What You Need To Know About Right-Of-Way-Easements

If you're thinking of hunting or riding an ATV in a local clearing make sure it's not a utility easement. You could be arrested.

Information or laws that you're unaware of can get you in big trouble. A common misconception about right-of-way easements for utility companies is that they are public property. They're not. The utility company must obtain the easement from the land owner so that they are able to furnish their customers with power or gas. An easement is a legally obtained document between the company and the land owner giving the utility company the right to enter the property at will. Although the property continues to belong to the land owner the company has legal rights to perform maintenance, drive through just to check on matters or to set up power poles or boxes. For anyone other than the land owner and the utility company the property is still private property. The land owner can take a person to court after finding him trespassing on the property without specific permission. In addition, stiff fines and penalties can be put on the trespasser by the utility company, through the court system.

There are a couple of different types of easements. One is a distribution easement which is about a twenty to forty foot wide pathway that allows the company to access the power or gas line that furnishes utilities to the home owner. Because of this home owners are not compensated for this easement. In most towns it's against the law to refuse this type of easement to the power company. Without the easement hundreds of people would go without utilities.

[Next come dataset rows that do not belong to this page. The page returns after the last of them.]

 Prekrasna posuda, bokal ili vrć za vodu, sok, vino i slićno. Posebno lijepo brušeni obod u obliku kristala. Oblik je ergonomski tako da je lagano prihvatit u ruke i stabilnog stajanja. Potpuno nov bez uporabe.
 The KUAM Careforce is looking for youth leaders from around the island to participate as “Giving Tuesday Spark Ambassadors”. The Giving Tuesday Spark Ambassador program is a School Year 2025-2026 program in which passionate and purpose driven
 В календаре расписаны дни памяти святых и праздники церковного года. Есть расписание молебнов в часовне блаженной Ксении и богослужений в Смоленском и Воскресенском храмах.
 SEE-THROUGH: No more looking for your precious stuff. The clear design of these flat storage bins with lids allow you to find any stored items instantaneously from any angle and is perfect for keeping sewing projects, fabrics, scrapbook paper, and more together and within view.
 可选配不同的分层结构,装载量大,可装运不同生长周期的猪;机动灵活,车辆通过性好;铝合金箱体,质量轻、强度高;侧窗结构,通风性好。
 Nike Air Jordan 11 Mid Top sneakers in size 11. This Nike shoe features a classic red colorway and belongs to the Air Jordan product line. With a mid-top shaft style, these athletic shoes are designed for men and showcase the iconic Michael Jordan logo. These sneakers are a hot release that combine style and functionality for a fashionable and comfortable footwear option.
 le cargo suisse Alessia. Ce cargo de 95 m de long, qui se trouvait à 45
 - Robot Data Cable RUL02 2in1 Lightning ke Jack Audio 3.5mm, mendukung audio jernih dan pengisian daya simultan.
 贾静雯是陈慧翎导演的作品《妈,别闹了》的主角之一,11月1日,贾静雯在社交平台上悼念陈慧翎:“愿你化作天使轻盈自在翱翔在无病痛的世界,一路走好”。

A different type of easement is a transmission easement which is usually about a hundred feet in width. It allows the ground for transmission lines or underground pipes. The land owner is usually compensated for this type of easement by receiving a monthly or yearly check. Sometimes the utility company will simply deduct the amount from your power or gas bill.

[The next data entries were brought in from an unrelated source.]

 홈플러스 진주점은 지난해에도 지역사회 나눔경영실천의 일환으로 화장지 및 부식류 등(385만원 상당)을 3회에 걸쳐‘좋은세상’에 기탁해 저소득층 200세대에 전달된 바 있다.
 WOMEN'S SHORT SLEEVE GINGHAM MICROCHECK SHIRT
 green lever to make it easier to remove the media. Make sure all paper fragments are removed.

Once the easement is plowed and the poles and wires are in place the utility company maintains the entire strip of land to keep trees and undergrowth away from the power lines. Even though the maintenance is done by the utility company the land owner still holds full rights to post "no trespassing" signs and to prosecute those who ignore the signs.

Some hunters like stalking these easements because it's a good clearing, often right through the woods, in which to spot wild game. Not only is this illegal but it's very dangerous to those who maintain the easement. All-terrain vehicle owners also love the easements because usually limbs and tall brush have been removed yet the terrain remains rough and fun for riding. Trespassers have been known to camp, party, picnic or simply sunbathe in the clearing. Legally, though, only the owner and the utility company have a right to be on the property.

Although the area is maintained it's never a good idea to play or ride near power lines. For this reason alone it's wise not to trespass on easements and right-of-ways. Knowing the law and how it pertains to easements will keep you safe while avoiding legal mishaps.